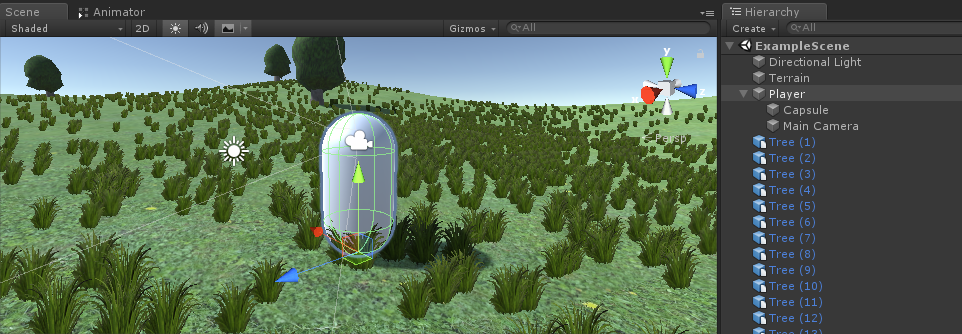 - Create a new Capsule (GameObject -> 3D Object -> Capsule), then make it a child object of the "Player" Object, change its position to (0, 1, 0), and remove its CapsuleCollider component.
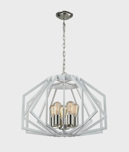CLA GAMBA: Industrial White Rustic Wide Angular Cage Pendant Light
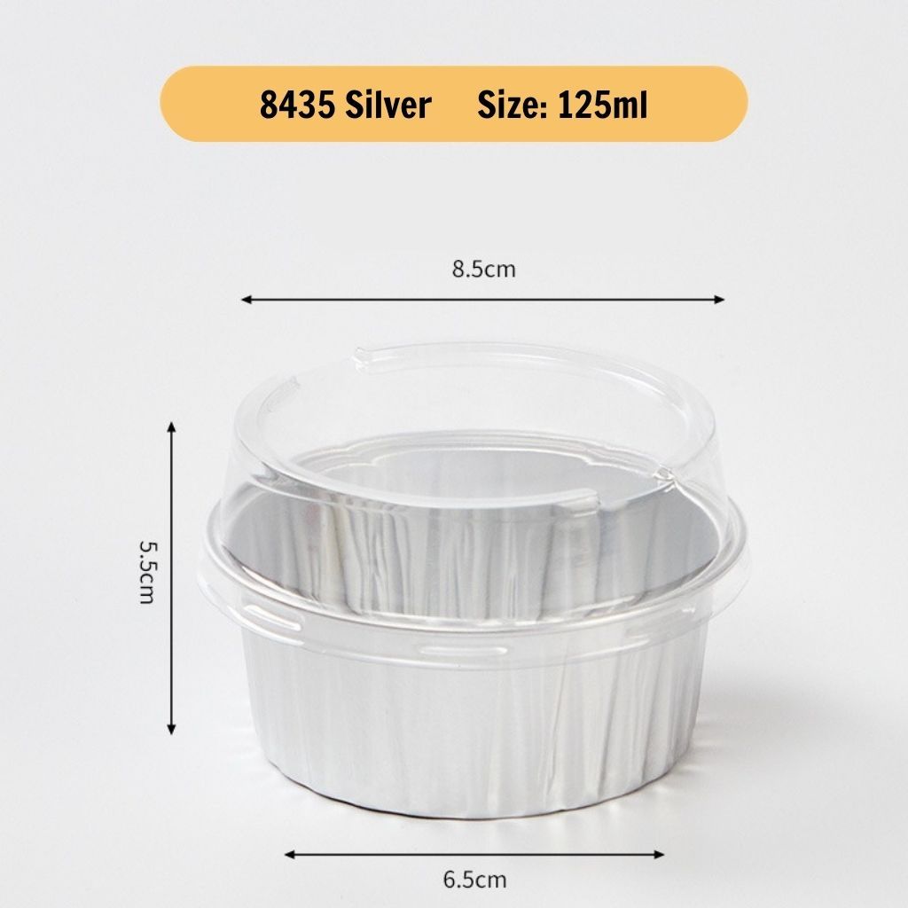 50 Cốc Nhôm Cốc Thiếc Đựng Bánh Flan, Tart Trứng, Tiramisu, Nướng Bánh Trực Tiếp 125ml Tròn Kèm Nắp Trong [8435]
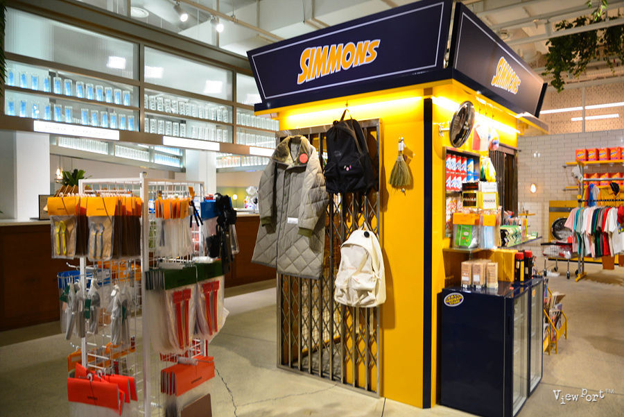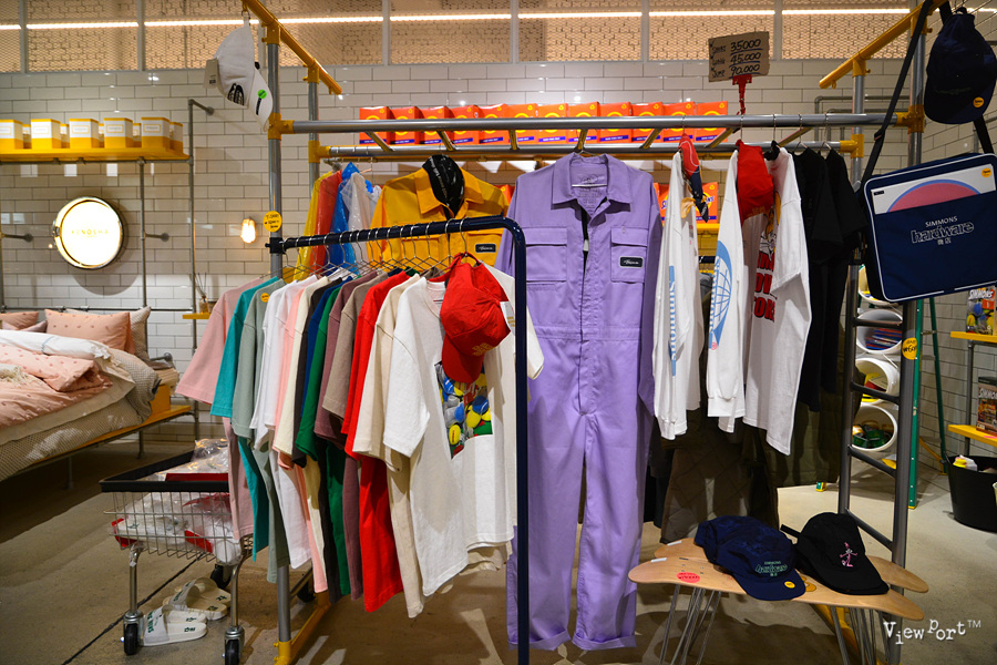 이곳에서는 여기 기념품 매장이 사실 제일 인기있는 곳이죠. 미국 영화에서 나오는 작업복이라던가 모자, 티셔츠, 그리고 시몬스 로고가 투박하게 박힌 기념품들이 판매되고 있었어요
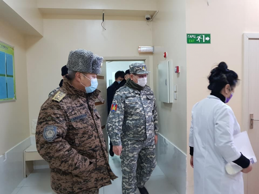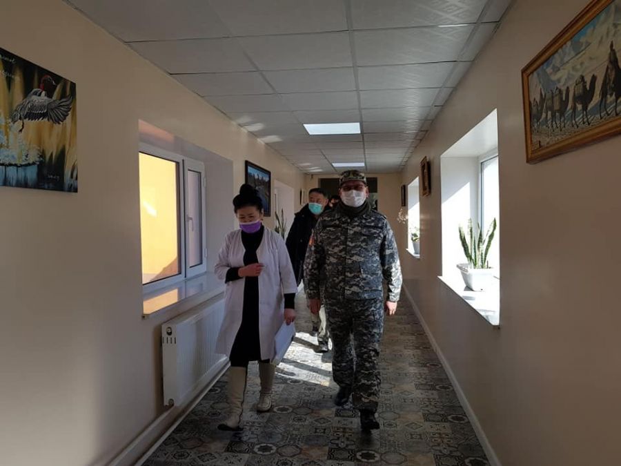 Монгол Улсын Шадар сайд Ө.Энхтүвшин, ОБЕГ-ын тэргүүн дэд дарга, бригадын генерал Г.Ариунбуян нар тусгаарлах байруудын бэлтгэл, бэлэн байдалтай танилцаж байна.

******

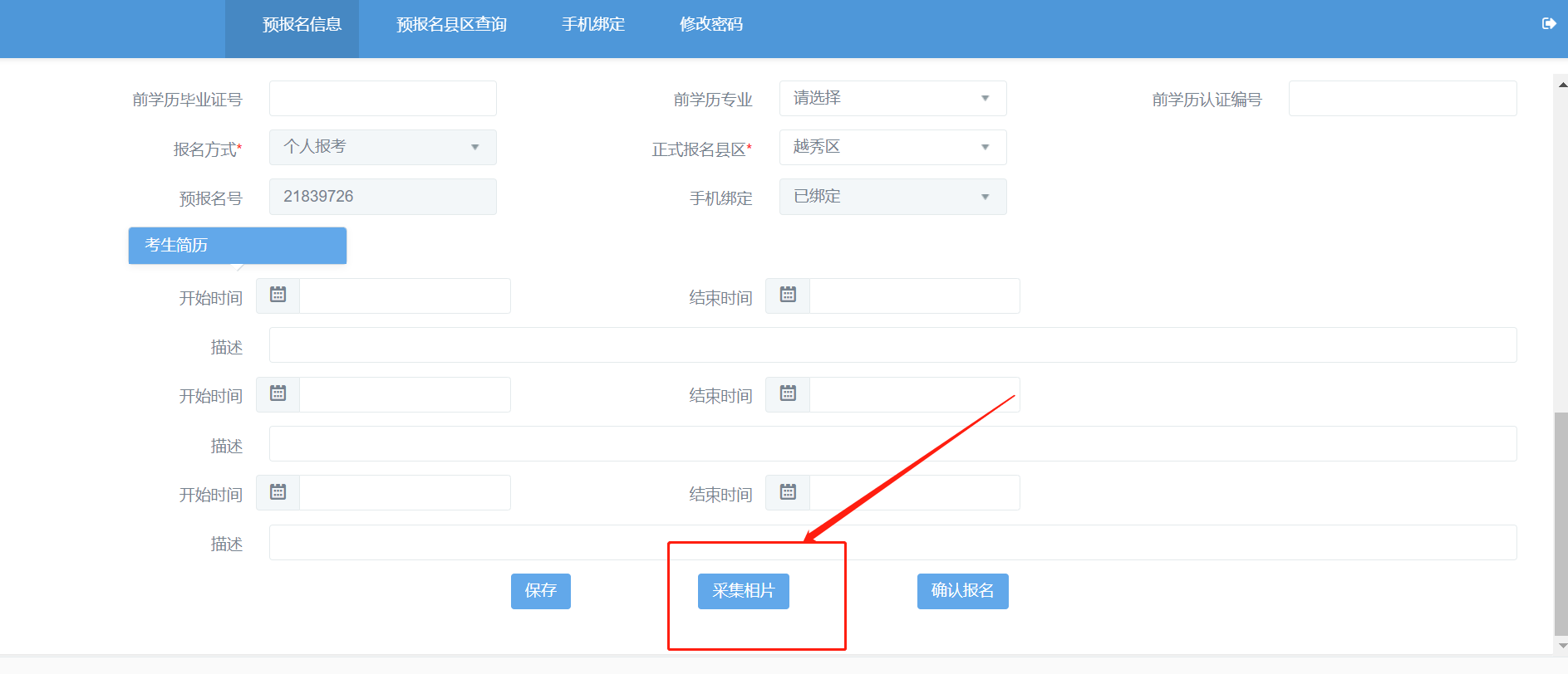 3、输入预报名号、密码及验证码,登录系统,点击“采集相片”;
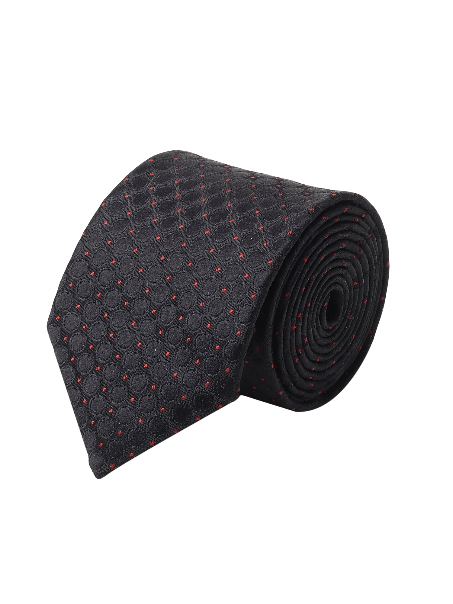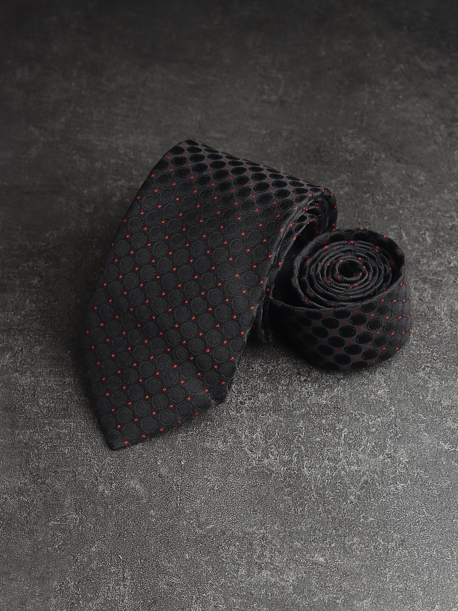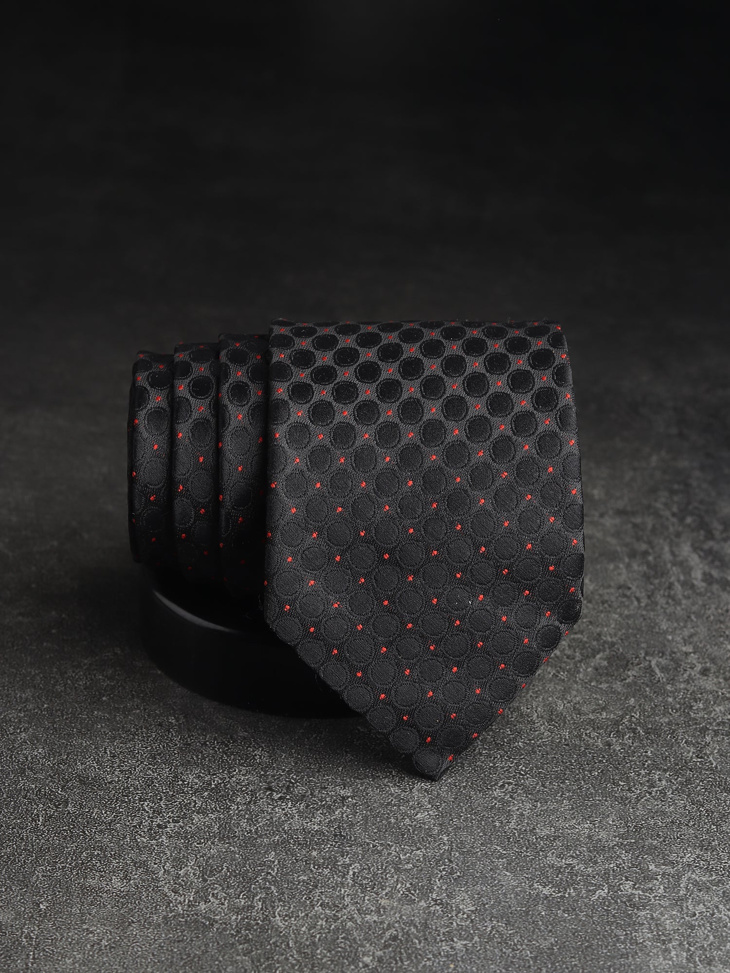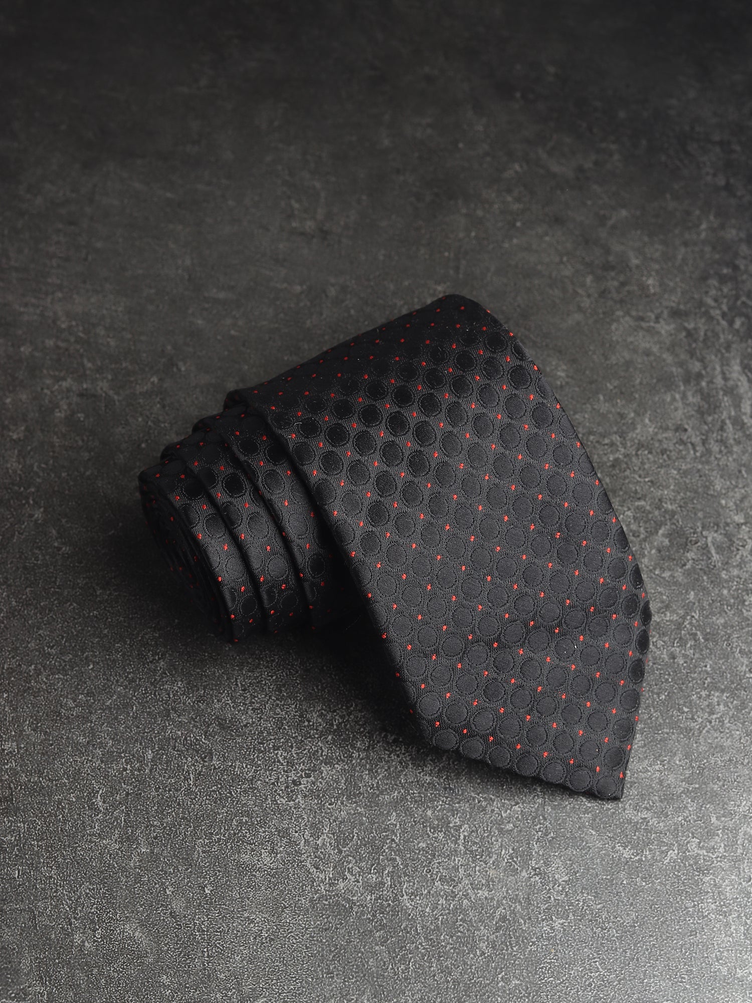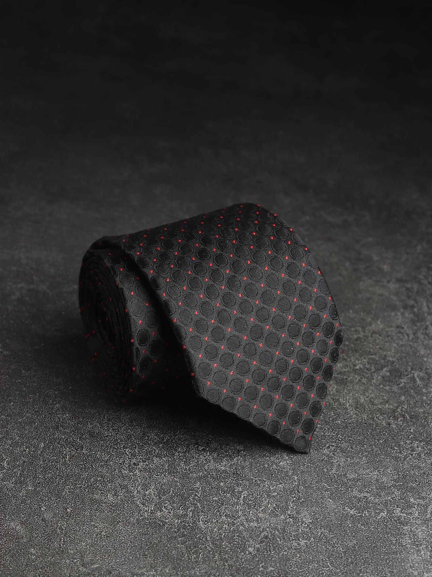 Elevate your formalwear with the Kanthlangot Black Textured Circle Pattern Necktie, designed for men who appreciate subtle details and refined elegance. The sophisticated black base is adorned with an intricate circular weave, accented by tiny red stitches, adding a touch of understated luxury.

******

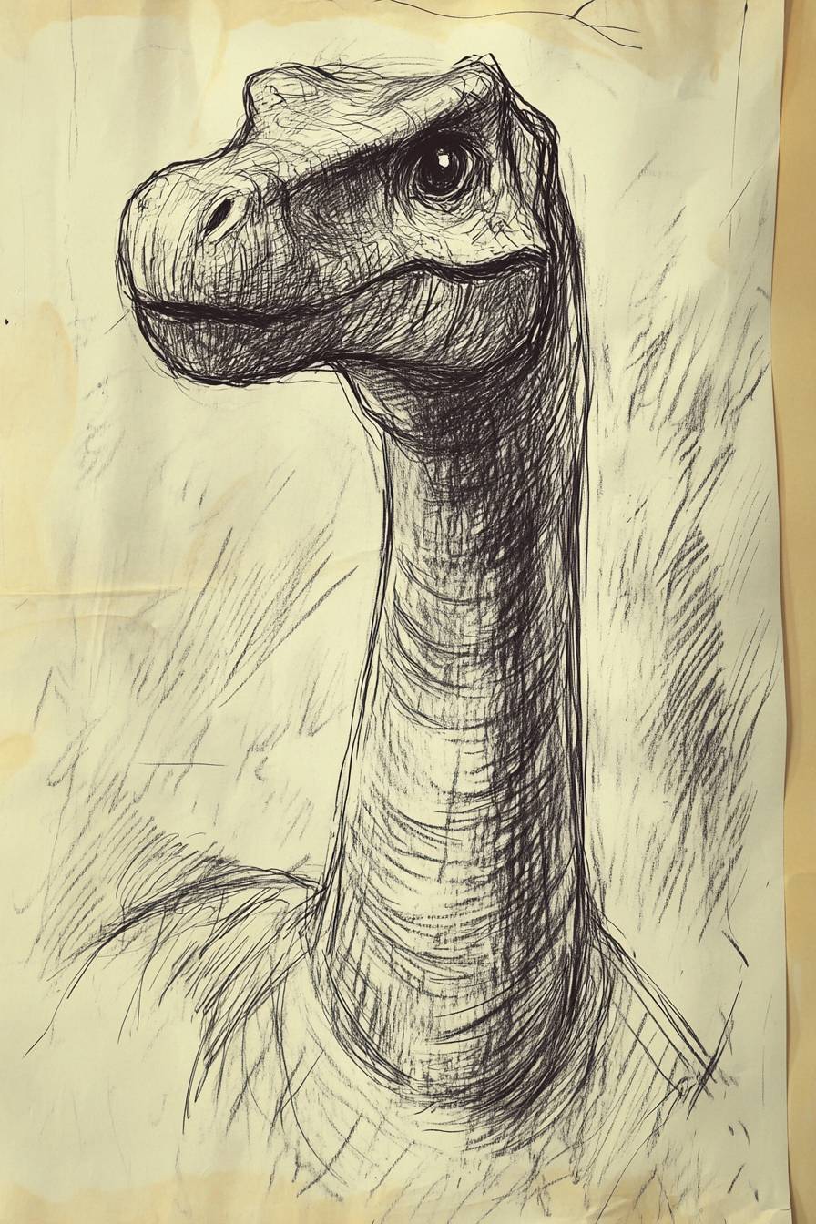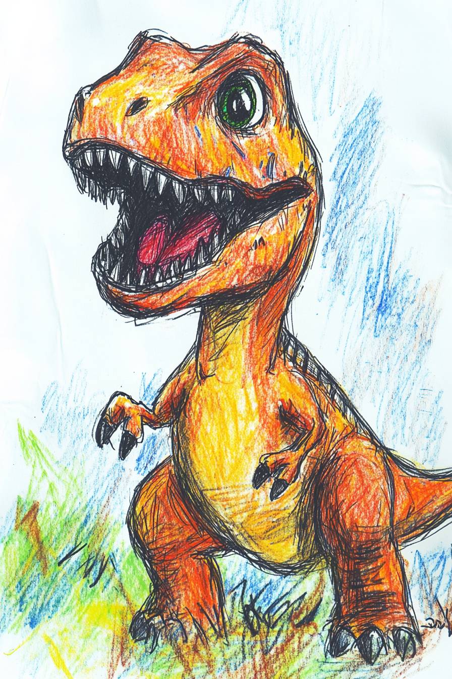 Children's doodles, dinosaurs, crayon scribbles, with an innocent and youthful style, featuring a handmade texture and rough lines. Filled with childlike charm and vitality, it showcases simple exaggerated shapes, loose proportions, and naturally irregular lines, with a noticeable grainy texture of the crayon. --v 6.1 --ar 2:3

******

**PROMPT:**
Output should consist of the lines above from the one with "50 Cốc Nhôm" down to the one with "Монгол Улсын Шадар", exact and without pictures.

**SOLUTION FOR THIS EXERCISE:**
 50 Cốc Nhôm Cốc Thiếc Đựng Bánh Flan, Tart Trứng, Tiramisu, Nướng Bánh Trực Tiếp 125ml Tròn Kèm Nắp Trong [8435]
 이곳에서는 여기 기념품 매장이 사실 제일 인기있는 곳이죠. 미국 영화에서 나오는 작업복이라던가 모자, 티셔츠, 그리고 시몬스 로고가 투박하게 박힌 기념품들이 판매되고 있었어요
 Монгол Улсын Шадар сайд Ө.Энхтүвшин, ОБЕГ-ын тэргүүн дэд дарга, бригадын генерал Г.Ариунбуян нар тусгаарлах байруудын бэлтгэл, бэлэн байдалтай танилцаж байна.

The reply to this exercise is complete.